En n’étant jamais datés au-delà de 1780, les cartels du Luxembourg rappellent l’une des choses les plus émouvantes qui soient : Fragonard cessa de peindre les vingt dernières années de sa vie. Quand il s’agit d’un artiste de cette trempe, ce n’est pas rien. Pourquoi ? Hypothèse psychologique : la mort de sa fille, à 18 ans, le cassa, on sait qu’il fit une dépression. Hypothèse artistique : il n’avait plus rien à créer. Hypothèse sociale : les temps avaient changé, ils ne correspondaient plus à ce qu’il aurait pu faire. La vérité est qu’on n’en sait rien. Mais la phrase de Saint-Just, «le bonheur est une idée neuve en Europe», allait tomber. Elle paraît flotter sur ce silence, ces corps, cette œuvre. Ce n’était pas une bonne nouvelle pour la postérité de Fragonard. La recherche politique du bonheur rendrait vite la joie impossible et le plaisir douteux. On ne voulait plus de flottement musculaire, mais des certitudes organisées.

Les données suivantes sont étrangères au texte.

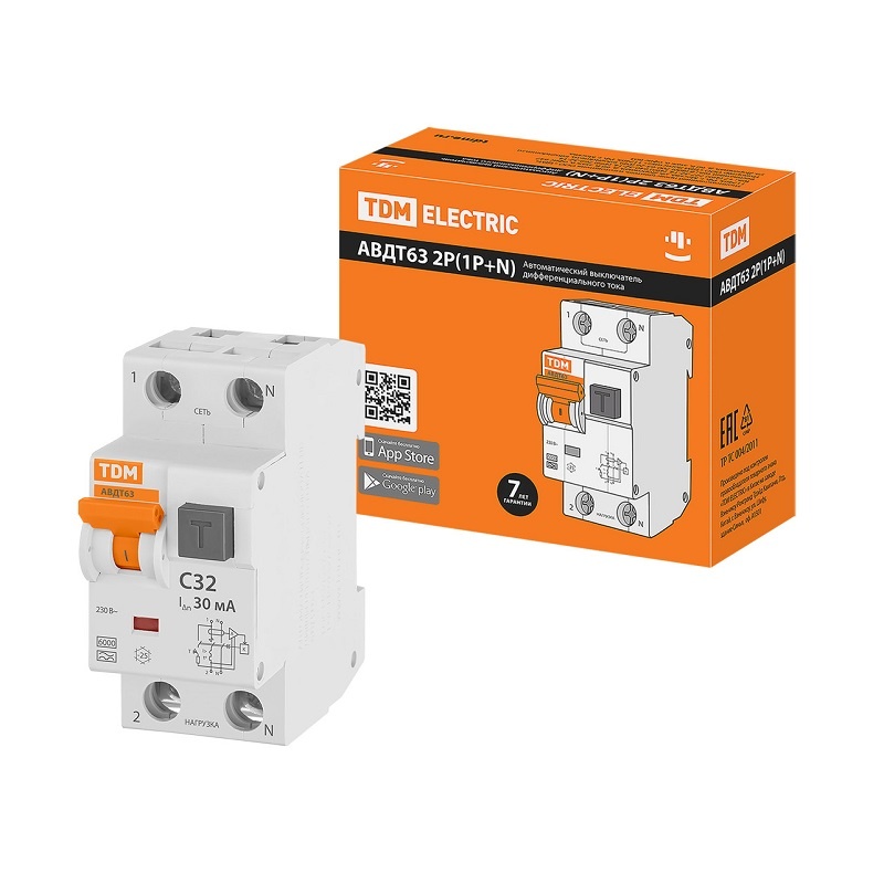 Автомат дифференциальный TDM АВДТ 63 6 кА, С 32А, 30 мА, тип А, 1P+N

Le XIXe siècle enterre le peintre sous l’étiquette du talent frivole, voyez sa nécrologie de presse en 1806 : «Justement estimé dans le genre gracieux et érotique.» Gracieux et érotique, il l’est – mais ce n’est pas un genre – même si c’en fut aussi un pour lui, une sorte de créneau dans l’air libertin du temps : c’est, répétons-le, l’élan des corps, la spontanéité assez peu craintive des caresses – et ce sont ces grivois de frères Goncourt qui vont l’exhumer : le roman bourgeois continue dans le cabinet de curiosités, par les «enfers» pour avertis. Les gestes de Fragonard et son silence final survivent à tout ça. Ils avalent les hypothèses comme un édredon de chair, les rideaux de morale qui lui servent de baldaquin. Et ils montrent que si la grâce appartient à Dieu, on peut aussi la trouver dans n’importe quel sein.

(1) Outre le bon catalogue de l’expo, dirigé par Guillaume Faroult (288 pp., 39 €) , Gallimard publie une nouvelle édition illustrée des Surprises de Fragonard (1987), de Philippe Sollers (144 pp., 73 illustr., 25 €).